In 2012, Magelli launched Apervita to enable health professionals and enterprises to capture, share and use health knowledge. Customers can access the analytics and integrate them into their workflow. One algorithm Mayo is sharing through Apervita helps doctors quickly sift through data and identify patients at risk for sudden cardiac arrest.
“We are sharing our algorithms to empower others to deliver patients the best healthcare,” Dr. Paul Friedman, Mayo's vice chair of cardiovascular medicine, said in an Apervita news release. Friedman was not available for an interview.
Besides Mayo, several other major systems including the University of California at San Francisco and Johns Hopkins have uploaded their algorithms. The most popular analytics focus on early warnings for patient deterioration and reducing hospital readmissions.
Dr. Dana Edelson, a hospitalist at University of Chicago Medicine and co-founder of analytics startup Quant, is working on commercializing an algorithm that uses 30 variables, including vitals signs and demographic data, to predict cardiac arrest, need for intensive care and mortality within 24 hours. The algorithm is 93% accurate, she said. But up to now, disseminating this type of algorithm outside her institution has been difficult.
So she's collaborating with Apervita. “We spent years accumulating data, coming up with an algorithm, publishing that algorithm—and then to actually get it from that stage to (hospitals adopting it) turns out to be even more challenging,” she said. “It can take a very long time. And it's expensive.”

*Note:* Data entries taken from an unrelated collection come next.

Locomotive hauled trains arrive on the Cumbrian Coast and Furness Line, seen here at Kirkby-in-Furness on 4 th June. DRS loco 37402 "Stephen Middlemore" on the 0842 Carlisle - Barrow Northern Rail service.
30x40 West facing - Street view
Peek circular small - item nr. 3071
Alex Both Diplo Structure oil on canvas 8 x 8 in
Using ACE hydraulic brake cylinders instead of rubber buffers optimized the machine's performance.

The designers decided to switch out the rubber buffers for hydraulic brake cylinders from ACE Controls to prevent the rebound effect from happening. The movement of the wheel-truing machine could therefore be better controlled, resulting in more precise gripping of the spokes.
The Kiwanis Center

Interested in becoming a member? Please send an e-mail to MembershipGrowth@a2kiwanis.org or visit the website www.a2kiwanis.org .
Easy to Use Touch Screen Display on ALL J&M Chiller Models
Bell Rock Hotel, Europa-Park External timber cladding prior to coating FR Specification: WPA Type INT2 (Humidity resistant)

Apervita recently announced an $18 million funding round, including GE Ventures. The funding will be used to increase the number of developers and buyers on the market, Magelli said.

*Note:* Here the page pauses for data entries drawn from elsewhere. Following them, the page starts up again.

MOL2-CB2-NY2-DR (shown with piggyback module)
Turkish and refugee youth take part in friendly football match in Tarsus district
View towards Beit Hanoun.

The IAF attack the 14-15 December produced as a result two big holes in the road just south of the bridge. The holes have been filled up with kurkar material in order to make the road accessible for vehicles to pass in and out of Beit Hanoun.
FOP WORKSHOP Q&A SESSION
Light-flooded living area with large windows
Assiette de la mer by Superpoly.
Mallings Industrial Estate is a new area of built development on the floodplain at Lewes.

The healthcare algorithms Apervita shares are what he calls “computable,” meaning the protocol can be written into software code. While a top-notch clinician might be able to detect patient deterioration better than a software program, that person can't be everywhere and can't continuously monitor patients. Software analytics parsing data can monitor all the patients all the time, he said.
So one could create an algorithm, for example, that crunches patient data and predicts hospital readmissions. But institutions with such algorithms find it difficult to build and commercialize the software because of difficulties with distribution. “We're seeing an incredible rate of growth in computable content,” he said. But he's not seeing a conversion of that content into software and hopes his company can help solve that problem.
One technical challenge is getting a health system's clinical data and the software to “communicate.” The health system generally has to build an interface, which is expensive and laborious.
Magelli's solution was to build a cloud-based marketplace. Apervita offers standard templates for hospitals and other healthcare providers to upload their data and connect that data to analytics written by software developers based on a standardized, repeatable process. For each analytic, contributing providers may upload one or two streams of data related to a few vital signs or demographics. For example, on Apervita a customer can search for an algorithm on infection rates, scrutinize the evidence provided by the software developer and then apply that to its own population.